1. An active matrix display device which comprises a plurality of pixels arranged in a matrix and a backlight source disposed at the backside of the matrix and emitting light to the matrix, wherein each of the pixels comprises: a liquid crystal element; a driving controlling switch for controlling the driving of the liquid crystal element; and a storage capacitor for storing image data provided to the liquid crystal element through the driving controlling switch; wherein the display device further comprises: a luminance detector for detecting luminance of the backlight source; a first voltage supplier, wherein according to the detected luminance of the backlight source, the first voltage supplier, in a sustain period of the image data, provides a predetermined voltage to a node of the storage capacitor which is opposite to a node of the storage capacitor coupled to the liquid crystal element; and a temperature detector for detecting temperature; wherein the first voltage supplier comprises: a variable voltage supply source; a voltage calculator for calculating the first predetermined voltage according to the detected luminance of the backlight source by the luminance detector; and a voltage source controller for controlling the variable voltage supply source which provides the first predetermined voltage which is calculated by the voltage calculator; wherein the voltage calculator calculates the first predetermined voltage according to the luminance of the backlight source detected by the luminance detector and the temperature detected by the temperature detector.
An active matrix display (like in a TV or phone) has pixels arranged in a grid with a backlight behind them. Each pixel contains a liquid crystal element, a switch to control it, and a storage capacitor to hold image data. A luminance detector measures the backlight's brightness. A first voltage supplier adjusts the voltage to the storage capacitor (on the side opposite where it connects to the liquid crystal) based on the detected backlight brightness during the image's sustain period. The adjustment considers temperature, measured by a temperature detector. The first voltage supplier has a variable voltage source controlled by a voltage calculator. The calculator determines the voltage based on both backlight brightness and temperature.

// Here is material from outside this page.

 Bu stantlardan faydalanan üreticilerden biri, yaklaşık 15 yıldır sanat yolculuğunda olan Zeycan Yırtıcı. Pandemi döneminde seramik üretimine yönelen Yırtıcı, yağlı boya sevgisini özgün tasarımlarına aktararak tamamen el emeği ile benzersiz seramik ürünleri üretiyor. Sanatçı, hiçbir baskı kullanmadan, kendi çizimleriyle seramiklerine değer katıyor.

2. The active matrix display device as claimed in claim 1 , wherein the luminance detector detects the luminance of the backlight source by detecting the light from the backlight source.
The active matrix display device where the luminance detector measures the backlight brightness by directly sensing the light emitted from the backlight source. This means the detector has a light sensor pointed at the backlight.

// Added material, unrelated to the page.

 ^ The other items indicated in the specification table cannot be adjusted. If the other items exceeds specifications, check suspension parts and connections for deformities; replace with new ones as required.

3. The active matrix display device as claimed in claim 1 , wherein the luminance detector detects the luminance of the backlight source by measuring the amount of driving current used to drive the backlight source.
The active matrix display device where the luminance detector measures backlight brightness by monitoring the current used to power the backlight. Higher current implies higher brightness.
4. The active matrix display device as claimed in claim 1 , wherein the luminance detector detects the luminance of the backlight source according to content shown by the display device.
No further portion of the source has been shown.